Lines to restate from the data below: from the one containing "图2 地球上的水,绝大部分是海水" to the one containing "- VS-800 — це", both included. Give them again exactly, and only them.

#### [Records]
━━━━━━
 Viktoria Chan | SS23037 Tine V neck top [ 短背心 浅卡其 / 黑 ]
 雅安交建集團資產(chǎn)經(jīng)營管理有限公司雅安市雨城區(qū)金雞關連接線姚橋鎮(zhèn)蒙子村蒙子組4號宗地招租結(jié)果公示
━━━━━━
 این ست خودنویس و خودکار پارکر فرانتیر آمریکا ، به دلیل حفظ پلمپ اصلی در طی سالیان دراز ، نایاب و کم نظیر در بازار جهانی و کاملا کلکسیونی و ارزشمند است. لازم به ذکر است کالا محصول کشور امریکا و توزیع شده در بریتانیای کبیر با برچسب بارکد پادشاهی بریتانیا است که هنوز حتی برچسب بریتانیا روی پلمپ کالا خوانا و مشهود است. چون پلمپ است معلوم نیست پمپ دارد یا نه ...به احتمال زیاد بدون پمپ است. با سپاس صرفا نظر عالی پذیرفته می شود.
━━━━━━
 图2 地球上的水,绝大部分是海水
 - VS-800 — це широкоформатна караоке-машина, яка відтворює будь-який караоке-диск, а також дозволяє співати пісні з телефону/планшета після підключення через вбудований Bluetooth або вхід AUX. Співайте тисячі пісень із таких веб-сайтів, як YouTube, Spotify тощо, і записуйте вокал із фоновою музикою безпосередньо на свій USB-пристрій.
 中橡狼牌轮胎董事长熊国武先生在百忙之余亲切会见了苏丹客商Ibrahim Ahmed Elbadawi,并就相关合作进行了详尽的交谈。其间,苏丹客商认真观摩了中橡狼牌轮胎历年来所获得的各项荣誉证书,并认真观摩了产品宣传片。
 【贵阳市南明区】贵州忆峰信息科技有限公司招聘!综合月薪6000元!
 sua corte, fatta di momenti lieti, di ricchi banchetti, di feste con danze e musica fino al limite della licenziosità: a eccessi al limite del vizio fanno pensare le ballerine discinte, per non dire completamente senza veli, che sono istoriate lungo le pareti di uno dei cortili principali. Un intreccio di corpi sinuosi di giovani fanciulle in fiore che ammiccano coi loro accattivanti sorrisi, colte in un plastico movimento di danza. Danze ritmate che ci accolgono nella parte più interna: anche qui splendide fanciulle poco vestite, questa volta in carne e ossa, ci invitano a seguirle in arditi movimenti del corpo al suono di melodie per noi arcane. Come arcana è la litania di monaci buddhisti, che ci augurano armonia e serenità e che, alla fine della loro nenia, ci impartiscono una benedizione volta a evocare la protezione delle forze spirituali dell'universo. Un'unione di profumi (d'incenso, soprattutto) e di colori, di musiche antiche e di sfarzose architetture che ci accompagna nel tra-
━━━━━━
#### [Exercise result]
 图2 地球上的水,绝大部分是海水
 - VS-800 — це широкоформатна караоке-машина, яка відтворює будь-який караоке-диск, а також дозволяє співати пісні з телефону/планшета після підключення через вбудований Bluetooth або вхід AUX. Співайте тисячі пісень із таких веб-сайтів, як YouTube, Spotify тощо, і записуйте вокал із фоновою музикою безпосередньо на свій USB-пристрій.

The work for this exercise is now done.